● **PROBLEM STATEMENT**
Nothing in the records should be changed in the copy, though the pictures must be left out.

[Dataset items]
= = = = = = =
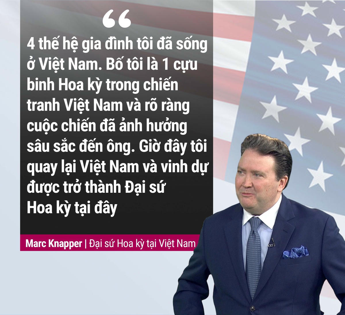Trong chuỗi phỏng vấn, Đại sứ Hoa kỳ Marc Knapper đã chia sẻ câu chuyện ít người biết về cha của ông – một cựu binh Mỹ trong chiến tranh Việt Nam. Theo Marc, yếu tố gia đình đã ảnh hưởng sâu sắc đến ông. Nhờ vậy, ông luôn cảm thấy vinh dự với vai trò và công việc hiện tại.
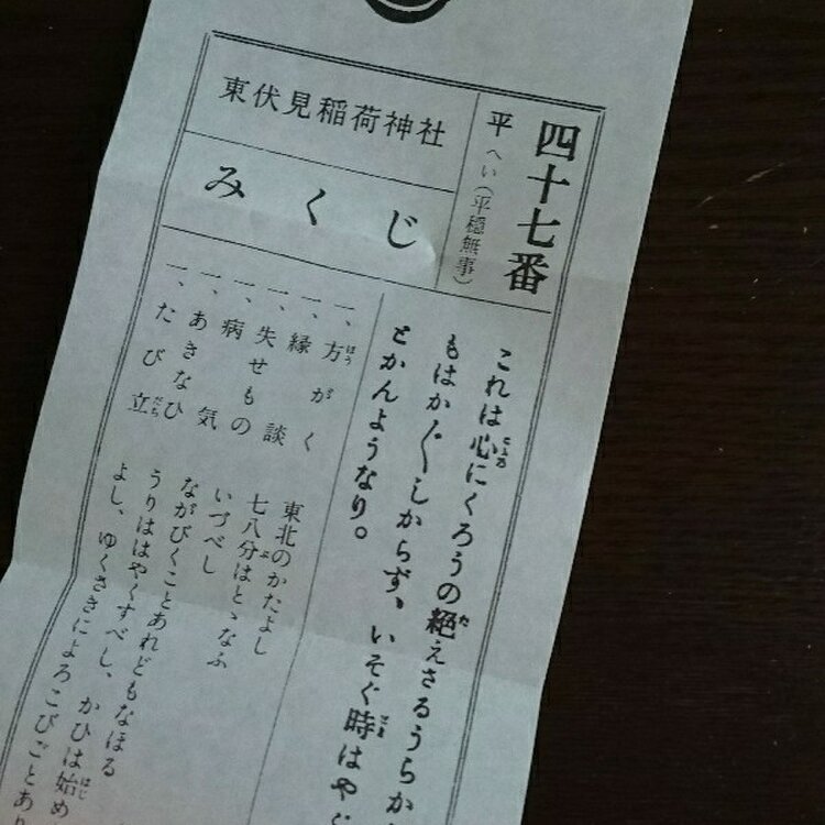 暮れに東伏見稲荷神社に行きました。 お正月はすごく混むので。。 おみくじは「平」 初めて見ました。 東伏見稲荷神社は、ほかにもちょっと変わったおみくじがあるようです。
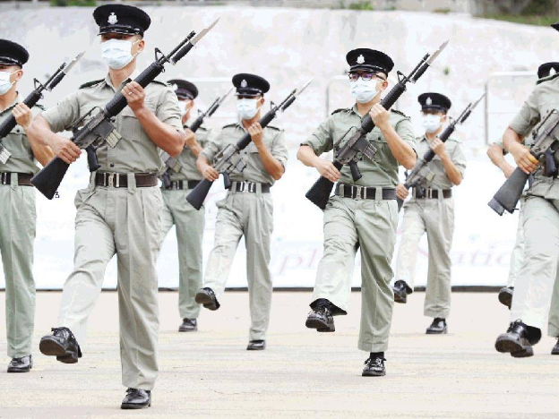 在香港警察学院,香港警察仪仗队在进行中式步操训练。(图片来源:新华社)
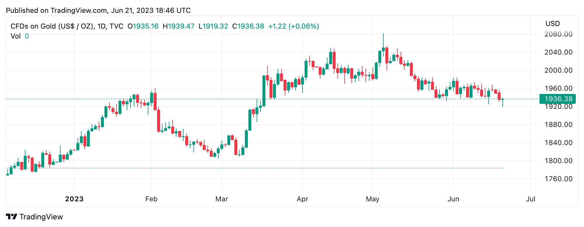 Gold price per ounce against the U.S. dollar on June 21, 2023.
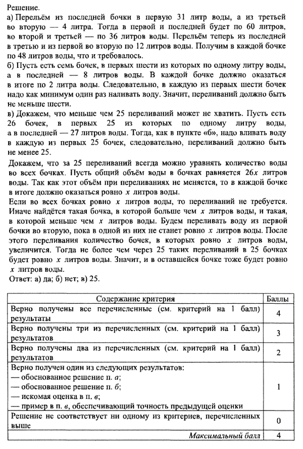 а) Пусть есть четыре бочки, в которых 29, 32, 40, 91 литров. Можно ли не более чем за четыре переливания уравнять количество воды в бочках?
= = = = = = =
● **ANSWER SECTION**
Trong chuỗi phỏng vấn, Đại sứ Hoa kỳ Marc Knapper đã chia sẻ câu chuyện ít người biết về cha của ông – một cựu binh Mỹ trong chiến tranh Việt Nam. Theo Marc, yếu tố gia đình đã ảnh hưởng sâu sắc đến ông. Nhờ vậy, ông luôn cảm thấy vinh dự với vai trò và công việc hiện tại.
 暮れに東伏見稲荷神社に行きました。 お正月はすごく混むので。。 おみくじは「平」 初めて見ました。 東伏見稲荷神社は、ほかにもちょっと変わったおみくじがあるようです。
 在香港警察学院,香港警察仪仗队在进行中式步操训练。(图片来源:新华社)
 Gold price per ounce against the U.S. dollar on June 21, 2023.
 а) Пусть есть четыре бочки, в которых 29, 32, 40, 91 литров. Можно ли не более чем за четыре переливания уравнять количество воды в бочках?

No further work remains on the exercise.